▸ Exercise:
The answer must consist only of the lines in the records below from the line with "我们在对35个行业数万家企业" to the line with "Женщина-агроинженер проверяет отопительное", both included, copied word for word with every picture left out.

▸ Data:
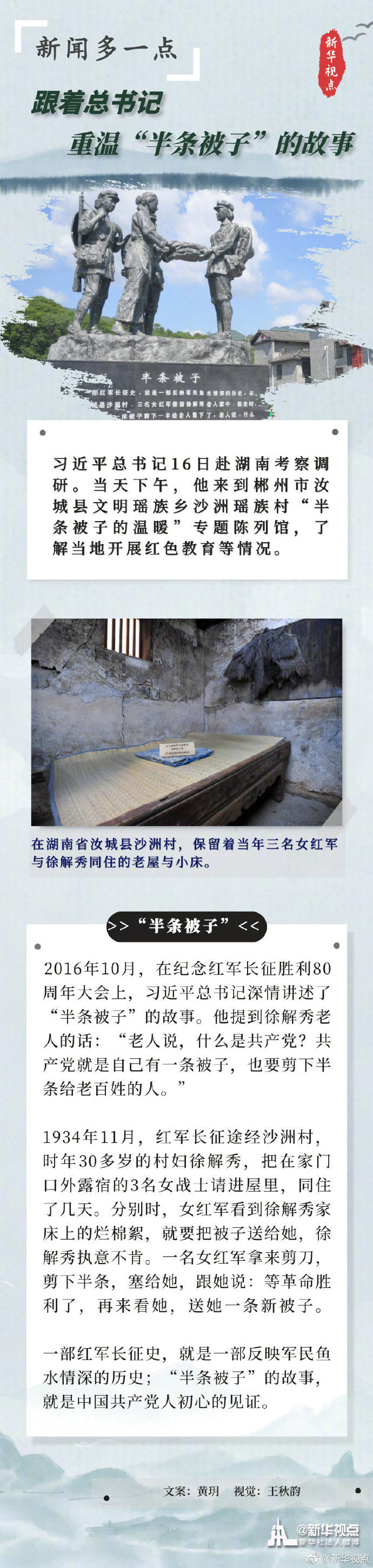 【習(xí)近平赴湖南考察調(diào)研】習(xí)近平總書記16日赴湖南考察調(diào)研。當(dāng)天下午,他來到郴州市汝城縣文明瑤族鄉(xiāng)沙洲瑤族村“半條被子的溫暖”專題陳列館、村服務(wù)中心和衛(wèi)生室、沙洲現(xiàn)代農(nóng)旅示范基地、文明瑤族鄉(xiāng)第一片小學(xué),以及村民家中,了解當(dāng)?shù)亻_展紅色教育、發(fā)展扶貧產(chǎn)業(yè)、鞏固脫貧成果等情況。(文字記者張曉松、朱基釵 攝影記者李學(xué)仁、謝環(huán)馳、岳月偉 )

* * *

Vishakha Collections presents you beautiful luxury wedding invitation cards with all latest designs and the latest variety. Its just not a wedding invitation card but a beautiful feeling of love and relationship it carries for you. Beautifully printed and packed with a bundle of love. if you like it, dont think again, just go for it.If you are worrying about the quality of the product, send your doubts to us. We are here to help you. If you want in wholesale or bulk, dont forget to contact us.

* * *

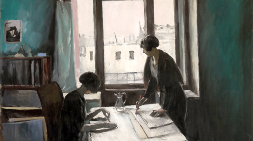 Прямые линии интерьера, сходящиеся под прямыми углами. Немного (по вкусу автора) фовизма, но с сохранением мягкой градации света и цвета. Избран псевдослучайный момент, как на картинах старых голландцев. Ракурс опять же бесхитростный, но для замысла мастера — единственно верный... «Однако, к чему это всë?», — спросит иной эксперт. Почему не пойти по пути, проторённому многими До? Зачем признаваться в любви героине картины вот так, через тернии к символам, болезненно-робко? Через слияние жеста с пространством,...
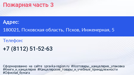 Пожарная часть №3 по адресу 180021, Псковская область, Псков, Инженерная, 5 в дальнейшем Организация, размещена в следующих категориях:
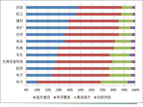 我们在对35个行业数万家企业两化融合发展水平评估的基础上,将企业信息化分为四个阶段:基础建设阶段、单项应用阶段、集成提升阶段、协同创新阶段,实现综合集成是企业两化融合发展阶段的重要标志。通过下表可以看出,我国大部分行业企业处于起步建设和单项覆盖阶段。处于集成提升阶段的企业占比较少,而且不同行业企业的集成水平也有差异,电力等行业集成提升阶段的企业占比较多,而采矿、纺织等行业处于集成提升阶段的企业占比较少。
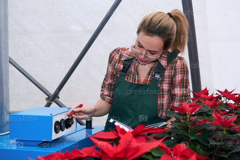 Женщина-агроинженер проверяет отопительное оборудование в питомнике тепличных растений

▸ Answer space:
 我们在对35个行业数万家企业两化融合发展水平评估的基础上,将企业信息化分为四个阶段:基础建设阶段、单项应用阶段、集成提升阶段、协同创新阶段,实现综合集成是企业两化融合发展阶段的重要标志。通过下表可以看出,我国大部分行业企业处于起步建设和单项覆盖阶段。处于集成提升阶段的企业占比较少,而且不同行业企业的集成水平也有差异,电力等行业集成提升阶段的企业占比较多,而采矿、纺织等行业处于集成提升阶段的企业占比较少。
 Женщина-агроинженер проверяет отопительное оборудование в питомнике тепличных растений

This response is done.